Decyzją z dnia 31 maja 2017 roku Zakład Ubezpieczeń Społecznych I Oddział w Ł., po rozpatrzeniu wniosku z dnia 20 marca 2017 roku odmówił D. S. wszczęcia postępowania w sprawie emerytury, podnosząc, że pomimo pisemnej prośby przesłanej w dniu 6 kwietnia 2017 roku, w której została poinformowana o brakach we wniosku o emeryturę i konieczności ich uzupełnienia w wyznaczonym terminie oraz skutkach ich usunięcia – nie nadesłała żądanych dokumentów.

/decyzja k. 24 plik II akt emerytalnych/

W dniu 10 kwietnia 2018 roku do Zakładu Ubezpieczeń Społecznych I Oddział w Ł. wpłynął za pośrednictwem zagranicznej instytucji ubezpieczeniowej wniosek D. S. o ustalenie uprawnień do emerytury złożony we włoskiej instytucji ubezpieczeniowej w dniu 27 marca 2018 roku.

/wniosek – k.35-43 plik II akt emerytalnych/

Zaskarżoną decyzją z dnia 18 września 2018 r. Zakład Ubezpieczeń Społecznych I Oddział w Ł., po rozpatrzeniu wniosku z dnia 27 marca 2018 roku odmówił D. S. prawa do emerytury, podnosząc, że nie udowodniła żadnego okresu ubezpieczenia na terenie Polski. W uzasadnieniu decyzji podniesiono, że do wniosku o emeryturę została dołączona potwierdzona za zgodność z oryginałem kserokopia dowodu osobistego zawierająca wpisy o zatrudnieniu. Nie jest ona jednak wystarczającym środkiem dowodowym w przypadku zatrudnienia w chrakterze chałupnika. W celu zaliczenia tego okresu do stażu pracy winna bowiem przedłożyć zaświadczenie od pracodawcy, że w każdym miesiącu osiągała co najmniej 50% minimalnego wynagrodzenia obowiązującego w j.g.u.

/decyzja k. 77 plik II akt emerytalnych/

W okresie od dnia 4 listopada 1967 roku do dnia 11 lutego 1991 roku wnioskodawczyni była zatrudniona w Spółdzielni Pracy (...) w charakterze nakładcy – chałupnika.

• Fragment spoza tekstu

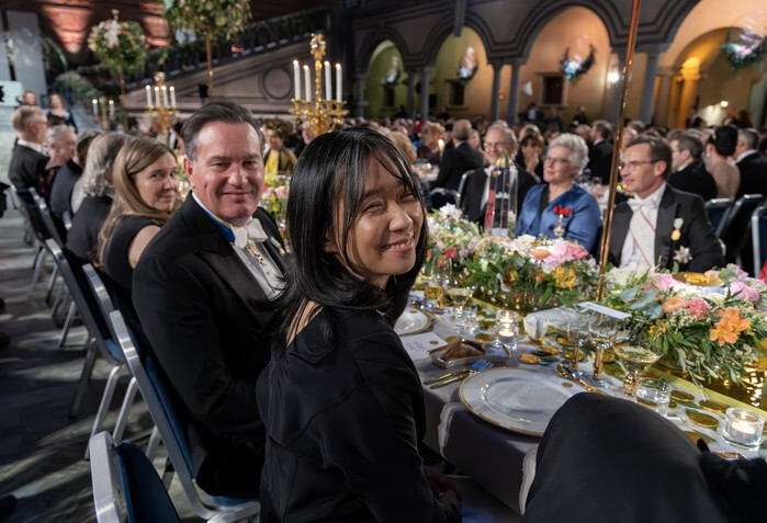South Korean novelist Han Kang (L, front) , winner of the Nobel Prize in literature, poses for a photo at the Nobel Prize banquet in the City Hall in Stockholm, Sweden, on Dec. 10, 2024. (Yonhap)

/bezsporne, a nadto kserokopia wpisu w dowodzie osobistym – k.9-11 plik I akt emerytalnych/

W Spółdzielni Pracy (...) w charakterze nakładcy – chałupnika w okresie od dnia 16 listopada 1967 roku do dnia 3 stycznia 1992 roku pracował także mąż wnioskodawczyni – J. S..

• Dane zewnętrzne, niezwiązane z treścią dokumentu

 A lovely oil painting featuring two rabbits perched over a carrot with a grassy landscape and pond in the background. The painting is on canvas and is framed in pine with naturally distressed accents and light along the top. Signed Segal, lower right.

/zeznania wnioskodawczyni -00:03:56 – 00:15:16 w związku z 00:22:45-00:23:02 – płyta CD k.41; zeznania świadków: J. S. – 00:11:46- 00:24:38 – płyta CD k.77, U. S. – 00:24:38-00:31:52 – płyta CD k.77, T. K. (1) – 00:31:52-00:44:34 – płyta CD k.77/

W aktach emerytalnych J. S. znajduje się świadectwo pracy z dnia
10 stycznia 1992 roku za okres zatrudnienia w Spółdzielni Pracy (...) od dnia
16 listopada 1967 roku do dnia 3 stycznia 1992 roku. Powyższy okres został mu zaliczony do stażu pracy w ramach przyznania prawa do emerytury na mocy wyroku sądowego.

/pismo ZUS – k.55; zeznania świadka J. S. – 00:11:46- 00:24:38 – płyta CD k.77/

Wnioskodawczyni razem z mężem wykonywała pracę nakładczą na wtryskarkach ręcznych. Wykonywali na nich elementy z tworzyw sztucznych. Spółdzielnia dostarczała materiał i formy. Pracę wykonywali w domu w warsztacie.

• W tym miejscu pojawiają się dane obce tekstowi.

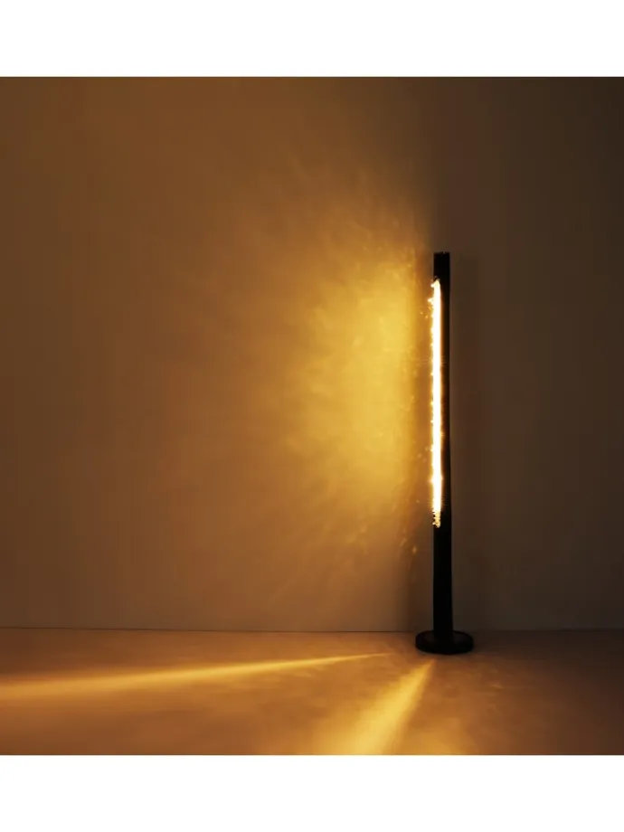 Stehleuchte Metall schwarz matt, Holz schwarz matt, Acrylkristalle klar, dimmbar, Dimmer, burned wood, ø: 230mm, H: 1510mm, Kabellänge 2000mm, inkl. LED 20W 230V, 300-2100lm Source, 98-980lm Output, 3000K

/zeznania wnioskodawczyni -00:17:13 – 00:18:46 w związku z 00:22:45-00:23:02 – płyta CD k.41; zeznania świadków: J. S. – 00:11:46- 00:24:38 – płyta CD k.77, U. S. – 00:24:38-00:31:52 – płyta CD k.77, T. K. (1) – 00:31:52-00:44:34 – płyta CD k.77/

W 1971 roku i 1974 roku wnioskodawczyni urodziła dzieci.

/zeznania wnioskodawczyni -00:03:56 – 00:15:16 w związku z 00:22:45-00:23:02 – płyta CD k.41

Nie zachowała się żadna dokumentacja osobowo – płacowa wnioskodawczyni z okresu jej pracy w Spółdzielni Pracy (...) w R..

/bezsporne; a nadto pisma – k.19, 21, 22, 27, 28/

Powyższych ustaleń Sąd Okręgowy dokonał na podstawie wyżej powołanych dokumentów, oraz tylko częściowo na podstawie zeznań wnioskodawczyni oraz świadków: J. S., U. S. oraz T. K. (2). Sąd nie dał bowiem wiary ich zeznaniom, w zakresie w jakim twierdzili, że wnioskodawczyni w całym spornym okresie wykonywania pracy nakładczej w Spółdzielni Pracy (...) w R., tj. w okresie od dnia 4 listopada 1967 roku do dnia 11 lutego 1991 roku uzyskiwała w każdym miesiącu wynagrodzenie wynoszące co najmniej 50% najniższego wynagrodzenia obowiązującego w tym okresie. W ocenie Sądu zeznania ich nie są przede wszystkim spójne i jednoznaczne, wskazać bowiem należy, że wnioskodawczyni sama przyznała, że nie pamięta w jakiej wysokości otrzymywała wynagrodzenie w powyższym okresie, podając jedynie, że „wynagrodzenia była dobre” oraz „ że razem z mężem osiągała takie samo wynagrodzenie”. Powyższa okoliczność nie jest jednak wiarygodna, gdyż wynagrodzenie chałupnika zależy od ilości wykonanej pracy, co powoduje, iż nie jest możliwe osiąganie wynagrodzenia w takiej samej wysokości co inny chałupnik. Ponadto świadek U. S. nie miała żadnej wiedzy, na temat wysokości wynagrodzeń odwołującej w okresie pracy w Spółdzielni – wprost wskazując nawet, że nie wie czy otrzymywała ona wynagrodzenie w wysokości co najmniej połowy najniższego wynagrodzenia.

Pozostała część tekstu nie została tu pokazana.